■ Task objective
In the data below, locate the line containing "Obr. 52, Nancy Davenport, Bombardment, 2001" and the line containing "الفراد من الشرطة الانجليزية", then retype both and everything between them exactly. Pictures are not part of the copy.

■ Given entries

***

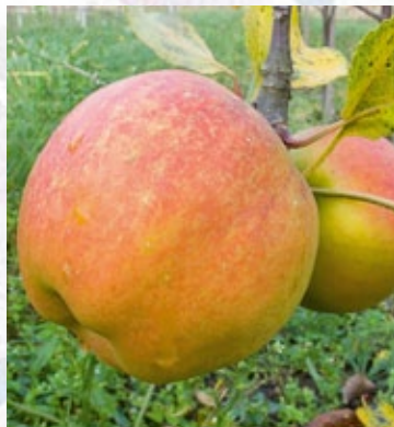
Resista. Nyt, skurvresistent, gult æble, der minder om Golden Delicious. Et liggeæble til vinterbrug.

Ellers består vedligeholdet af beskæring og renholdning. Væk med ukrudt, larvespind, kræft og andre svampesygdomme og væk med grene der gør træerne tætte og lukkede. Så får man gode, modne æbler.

***

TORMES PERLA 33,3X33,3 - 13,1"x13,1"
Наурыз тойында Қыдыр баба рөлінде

***

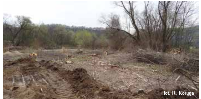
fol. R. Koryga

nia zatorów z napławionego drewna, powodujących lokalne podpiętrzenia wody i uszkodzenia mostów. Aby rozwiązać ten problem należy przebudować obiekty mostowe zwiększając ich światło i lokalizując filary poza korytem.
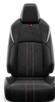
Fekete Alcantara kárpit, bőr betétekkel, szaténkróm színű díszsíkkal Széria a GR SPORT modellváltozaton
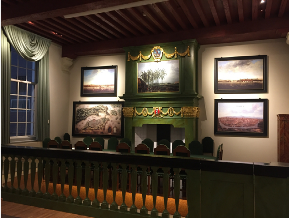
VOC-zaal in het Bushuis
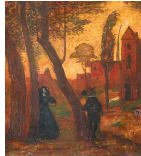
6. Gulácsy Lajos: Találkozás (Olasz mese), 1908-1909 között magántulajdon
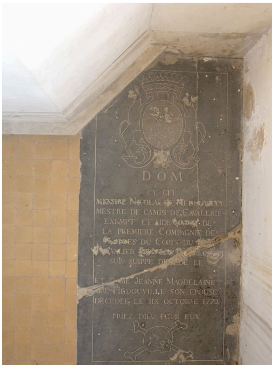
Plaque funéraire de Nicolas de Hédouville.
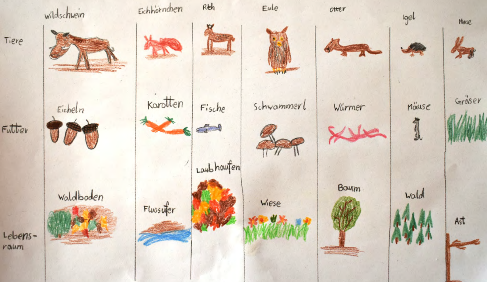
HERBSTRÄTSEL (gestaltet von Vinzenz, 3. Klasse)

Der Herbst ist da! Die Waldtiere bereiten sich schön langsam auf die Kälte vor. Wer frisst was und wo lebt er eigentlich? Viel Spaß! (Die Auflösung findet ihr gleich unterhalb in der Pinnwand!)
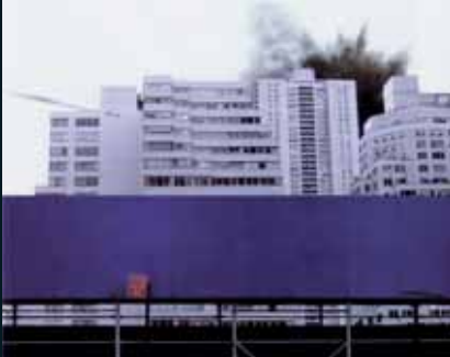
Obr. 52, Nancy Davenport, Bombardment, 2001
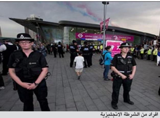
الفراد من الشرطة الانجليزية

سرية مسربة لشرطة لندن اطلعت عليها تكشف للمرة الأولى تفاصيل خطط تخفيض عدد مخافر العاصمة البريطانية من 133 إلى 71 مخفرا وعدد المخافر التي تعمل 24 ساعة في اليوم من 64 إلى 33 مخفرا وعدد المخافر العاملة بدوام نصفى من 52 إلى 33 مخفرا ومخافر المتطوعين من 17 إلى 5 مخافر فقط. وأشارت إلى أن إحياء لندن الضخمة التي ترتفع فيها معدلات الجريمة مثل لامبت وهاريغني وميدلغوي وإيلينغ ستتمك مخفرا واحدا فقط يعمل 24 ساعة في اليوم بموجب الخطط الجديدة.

***

■ Final answer
Obr. 52, Nancy Davenport, Bombardment, 2001
الفراد من الشرطة الانجليزية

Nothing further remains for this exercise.